Stafford requested at the council's April 6 workshop meeting that it consider changing the city code's architectural standard that requires a 5:12 pitch on certain buildings.
Stafford said he has been trying to erect a building to expand his more than 60-year-old outdoor clothing business.
He said the work has been stalled due to a three-month moratorium in the past, the need to redraft building plans and getting his plans approved.
The roadblock stopping him now is that current city ordinances bar him from constructing the building he wants with a 3:12 pitch roof.
If he makes the building have a 5:12 pitch roof, the eave height would extend more than 40 feet, which would not meet standards in another section, he said.
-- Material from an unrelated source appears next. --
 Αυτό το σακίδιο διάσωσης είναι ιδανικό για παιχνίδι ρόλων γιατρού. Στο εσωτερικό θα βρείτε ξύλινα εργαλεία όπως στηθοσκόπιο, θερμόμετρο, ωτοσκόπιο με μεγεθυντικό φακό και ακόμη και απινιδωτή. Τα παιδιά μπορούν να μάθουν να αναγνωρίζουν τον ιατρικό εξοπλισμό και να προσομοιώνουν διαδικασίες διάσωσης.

Stafford assured the council the building would be expensive, but beautiful.
In a short prepared speech, Stafford said he was losing precious merchant time the longer he had to wait for the council to make a definite decision.
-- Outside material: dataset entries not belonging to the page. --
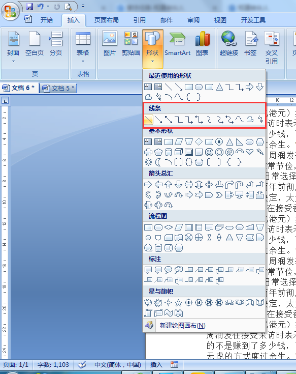 2、菜单栏中,选择“插入”——“形状”。在“线条选项下”选择第一个“直线”。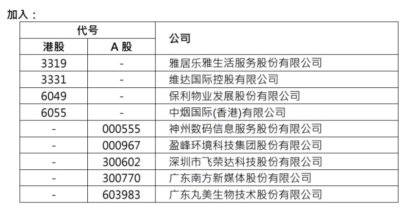 加入雅居乐雅生活服务股份有限公司(03319)、维达国际控股有限公司(03331)、保利物业发展股份有限公司(06049)、中烟国际(香港)有限公司(06055)等;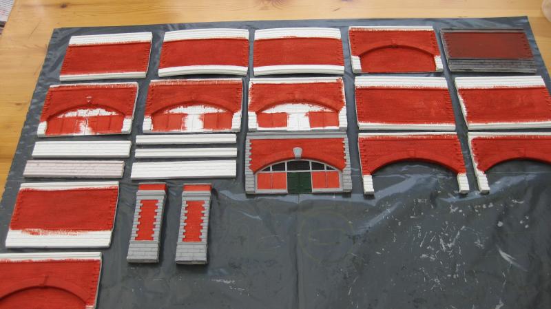 Als eerste het verven met baksteen rood. Een mengsel van rood, oranje en een beetje bruine Acrylverf van de Action.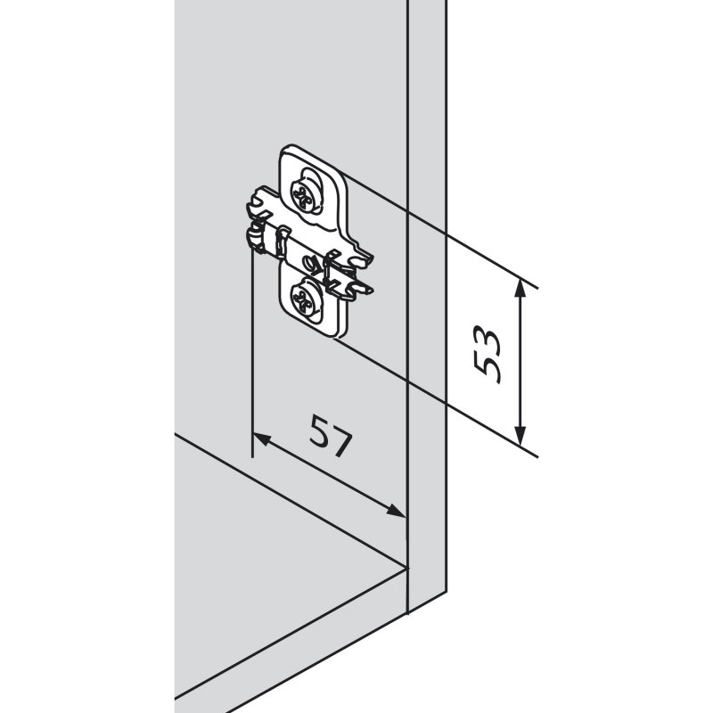 BLUM CLIP podložka křížová 0mm s EUROŠROUBY pro montáž proti sobě v laminu 18mm

"You misinterpreted our intent at the workshop last week," he said. "We asked that you change the standard."
During the workshop meeting immediately preceding the regular one Monday night, city manager Steve Sykes told the council the Planning and Zoning Commission would investigate the impact of different roof pitches.
Then, the commission would kick back a recommendation to the council regarding the current standard, he said.
In his rebuttal to the council's workshop discussion of the issue, Stafford said during the regular meeting that he didn't feel the council intended to discriminate against him at the beginning of the project.
"I've been held up over a year-and-a-half waiting for some action on your half," he said, regarding the building.
He named some churches, banks and professional buildings as examples of buildings that would not meet today's architectural standards if they were built by today's code.
"That is what I feel is the crux of the problem," he said.
He also hinted that perhaps someone might be afraid that his business would compete with downtown retailers.
In addition, Stafford explained he hasn't asked for any government grants or other special money from outside agencies to help him. He said he was investing his own money into the expensive project.
"You know the standard needs to be changed," he said. "After all, it's not your money. It's my money."
Stafford also hinted that he had been advised he could take "legal recourse" in this matter.
"But that would mean more time and money is wasted," he said.
" ... Our dream was to build a building we would be proud of, ... " he continued.
"We don't have the time to sit there and wait," he said.
He told the council he was unhappy with waiting another 30 days to receive the answer he was looking for.
The audience applauded Stafford as he made his way back to his seat.
Another Thomasville businessman, Kevin Glass, stepped to the podium after Stafford.
"I'd like to applaud Mr. Stafford," he said.
He supported Stafford and said he had "complete confidence in his building."
Sykes addressed the issue, stating the council received the request five days ago and he felt it would "be irresponsible" to change the standard without further review.
"That's why we're recommending it go through the same process," he said.
The heart of Glass' response focused on the city's commercial development.
"Commercial construction is flat," he said. He proposed that might be because many buildings can't meet some of the current architectural standards.
"I know the intent is good," Glass said.
Glass said he understood everyone wants to make Thomasville prettier, but that the county doesn't comprise a million people and that some commercial projects have had to make changes to meet the current standards.
"It's really hurting Thomasville," he said, referring to commercial development. "I don't think you know how much."